* **YOUR TASK**:
Below are some entries. Transcribe the lines from the one holding "в комплекте: тест-полоска" to the one holding "アンティーク家具 イギリスアンティーク オーク材", inclusive, but not the pictures among them.
(DATA TO PROCESS)
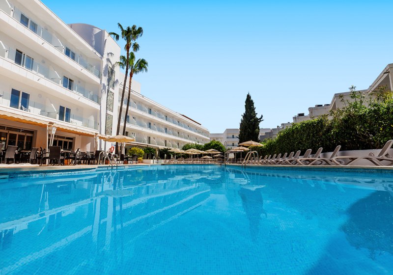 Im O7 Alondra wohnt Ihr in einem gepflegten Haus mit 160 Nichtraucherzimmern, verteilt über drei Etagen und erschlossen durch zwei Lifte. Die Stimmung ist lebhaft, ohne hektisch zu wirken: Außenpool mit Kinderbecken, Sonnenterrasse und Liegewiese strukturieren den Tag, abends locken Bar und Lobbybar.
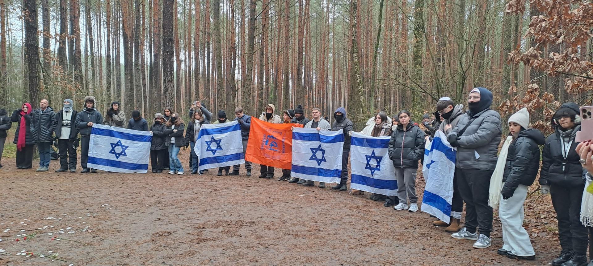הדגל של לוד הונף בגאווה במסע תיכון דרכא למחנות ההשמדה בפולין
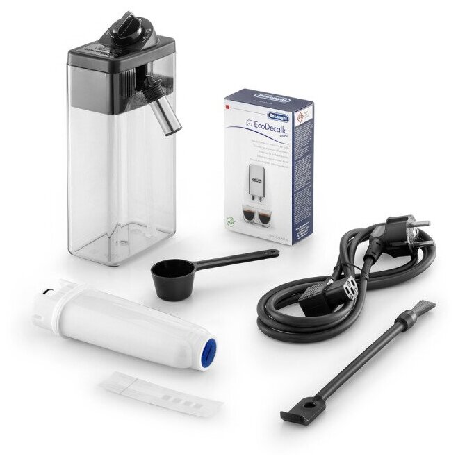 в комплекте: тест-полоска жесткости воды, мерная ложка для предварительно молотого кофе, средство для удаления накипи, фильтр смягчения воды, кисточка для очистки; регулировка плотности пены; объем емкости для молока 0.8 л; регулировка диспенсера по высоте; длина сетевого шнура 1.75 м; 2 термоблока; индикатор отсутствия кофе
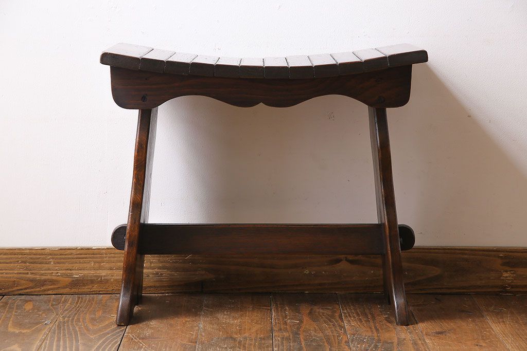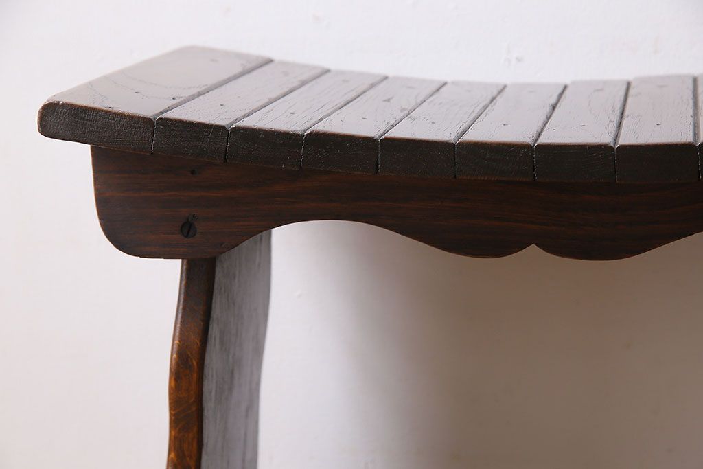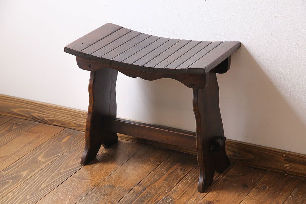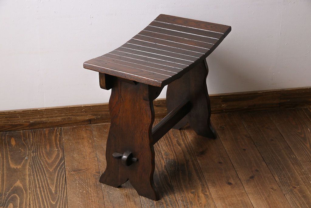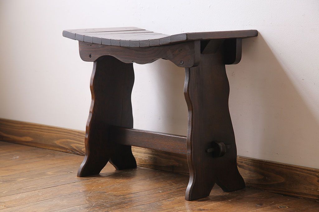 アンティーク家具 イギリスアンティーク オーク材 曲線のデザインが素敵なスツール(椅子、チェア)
(End DATA TO PROCESS)
(DATA TO PROCESS)
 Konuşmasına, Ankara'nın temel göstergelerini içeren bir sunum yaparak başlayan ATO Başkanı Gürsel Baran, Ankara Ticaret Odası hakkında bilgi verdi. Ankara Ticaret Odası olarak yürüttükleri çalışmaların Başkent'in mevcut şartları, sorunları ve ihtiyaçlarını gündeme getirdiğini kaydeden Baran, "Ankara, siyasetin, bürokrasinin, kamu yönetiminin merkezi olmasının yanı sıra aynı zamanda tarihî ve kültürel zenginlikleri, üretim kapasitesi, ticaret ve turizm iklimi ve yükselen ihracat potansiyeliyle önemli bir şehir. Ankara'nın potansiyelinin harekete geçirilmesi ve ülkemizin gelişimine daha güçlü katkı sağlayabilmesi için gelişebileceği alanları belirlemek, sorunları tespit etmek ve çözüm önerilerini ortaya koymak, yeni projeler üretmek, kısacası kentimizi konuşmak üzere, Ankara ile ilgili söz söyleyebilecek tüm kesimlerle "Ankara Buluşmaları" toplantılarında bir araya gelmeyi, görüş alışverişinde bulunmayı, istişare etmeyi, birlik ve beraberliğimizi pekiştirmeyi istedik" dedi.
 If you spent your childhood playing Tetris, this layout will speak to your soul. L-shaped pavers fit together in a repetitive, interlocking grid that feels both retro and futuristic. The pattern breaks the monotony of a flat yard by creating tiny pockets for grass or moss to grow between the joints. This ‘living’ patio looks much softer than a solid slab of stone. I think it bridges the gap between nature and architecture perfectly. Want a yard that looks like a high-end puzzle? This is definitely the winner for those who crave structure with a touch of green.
(End DATA TO PROCESS)
* **OUTPUT OF THE EXERCISE**:
 в комплекте: тест-полоска жесткости воды, мерная ложка для предварительно молотого кофе, средство для удаления накипи, фильтр смягчения воды, кисточка для очистки; регулировка плотности пены; объем емкости для молока 0.8 л; регулировка диспенсера по высоте; длина сетевого шнура 1.75 м; 2 термоблока; индикатор отсутствия кофе
 アンティーク家具 イギリスアンティーク オーク材 曲線のデザインが素敵なスツール(椅子、チェア)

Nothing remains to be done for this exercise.